QDataStream

  1. 2 months ago

    Does anyone have any experience and/or tips on using a QDataStream with Xojo?

    https://doc.qt.io/archives/qt-4.8/qdatastream.html

    This is in connection with WSJT-X.

    The object is to interface with the network message stream.

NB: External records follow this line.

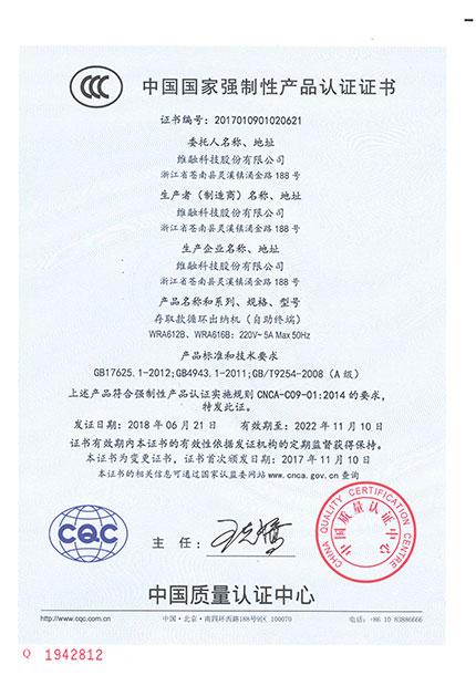 存取款循環出納機(WRA612)CCC證書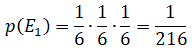 E1 = "esce 4 esattamente 1 volta lanciando tre volte un dado"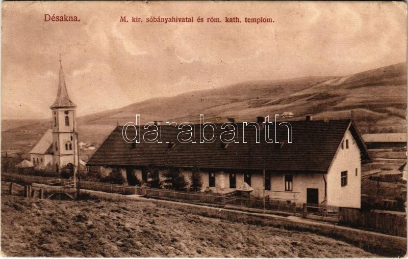 1917 Désakna, Ocna Dejului; M. kir. sóbányahivatal és római katolikus ... https://www.darabanth.com/hu/416-Gyorsarveres/416.0/Kepeslapok/Erdely~2000011/1917-Desakna-Ocna-Dejului-M-kir-sobanyahivatal-es-romai-katolikus-templom-Moskovitz-Vilmos~II2613621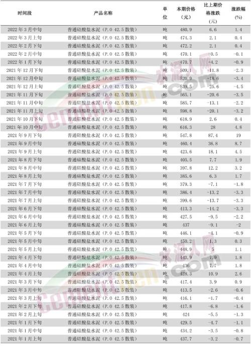 水泥企業(yè)為消化成本壓力,流通領(lǐng)域報(bào)價(jià)也出現(xiàn)上漲。2022年3月中旬普通硅酸鹽水泥(P.O 42.5散裝)為480.9元/噸,2021年1月上旬普通硅酸鹽水泥(P.O 42.5散裝)為437.7元/噸,上漲了43.2元/噸,漲幅9.87%。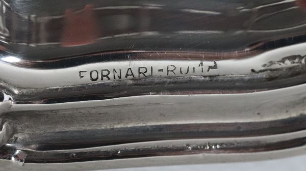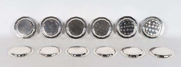 Lotto di dodici sottobicchieri in argento con bordi centinati, gr. 735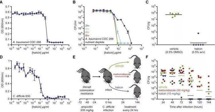 为了在活体动物身上测试 halicin 的有效性,研究人员用它来治疗感染了鲍曼尼氏杆菌的老鼠,这种细菌此前已经感染了许多驻扎在伊拉克和阿富汗的美军士兵,而且鲍曼尼氏杆菌对所有已知的抗生素都有耐药性,但使用 halicin 的治疗后,细菌感染在 24 小时内完全消失。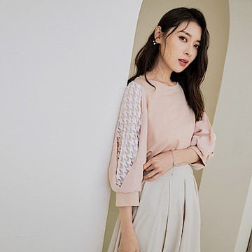 OB嚴選中大尺碼-純色高含棉小立領蕾絲拼接拋袖上衣《AB11242》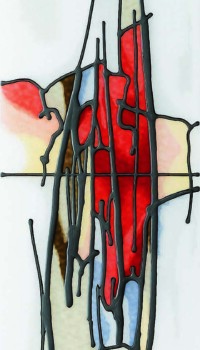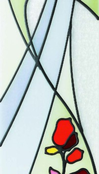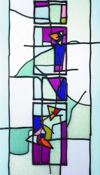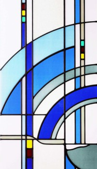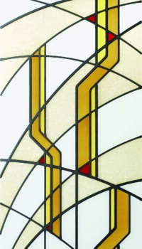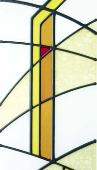 透明部分を多くとった構図は、ステンドに緊張感を持たせ、閃光をシンプルに表現。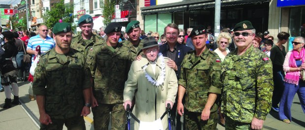 fot.: Ted Opitz z ojcem weteranem na ulicy Roncesvalles w otoczeniu polskich żołnierzy

    https://sourceforge.net/p/wsjt/wsjtx/ci/master/tree/NetworkMessage.hpp

    https://physics.princeton.edu/pulsar/k1jt/wsjtx.html

    https://physics.princeton.edu/pulsar/k1jt/

    Any help or feedback would be welcome.

    Thanks

    Bingo!! Thanks Norman.

  2. Norman P

    Mar 13 Pre-Release Testers, Xojo Pro Alberta Canada

    Just to listen and read messages ?
    Or something more ?

  3. Yes, just to listen and read messages.
    At least for now.
    I would be so grateful if you could help!

  4. Maurizio R

    Mar 13 Pre-Release Testers, Xojo Pro

    It's used to serialize qt entities in binary format.
    What exactly are you looking for?

  5. I have written a routine to capture UDP messages with data in this format. I am looking for a way to decode and use the data.

  6. Maurizio R

    Mar 13 Pre-Release Testers, Xojo Pro

    Qt documentation explain how entities are represented in binary format.
    Let me collect the related links.
    I'll post here when ready.
    Nothing difficult to implement in Xojo.

  7. THANK YOU!!!!

    No rush... it's bed time here in Los Angeles and I'm done for today.

  8. Maurizio R

    Mar 14 Pre-Release Testers, Xojo Pro
    Edited 2 months ago

    Hello Ed,
    the informations stated in the comment section (the green colored part) of the source at https://sourceforge.net/p/wsjt/wsjtx/ci/master/tree/NetworkMessage.hpp are the only one required.
    In Qt all types starts with the "q" letter so: qint32 is an int32 in Xojo and so on.
    A QByteArray is very similar to a MemoryBlock.
    No classes are serialized in a network message so things are simpler.
    The important parts are:

    • all numeric values are represented in big endian format not little endian as used natively by x86/x64 Intel processors
    • all strings are in utf8 format without an end of string marker but prepended with an int32 value containing the string length
    • special string length values are 0 for an empty string and &hffffffff for a null string
    • all values are in binary format so an int32 is represented as 4 bytes (remember in big endian format)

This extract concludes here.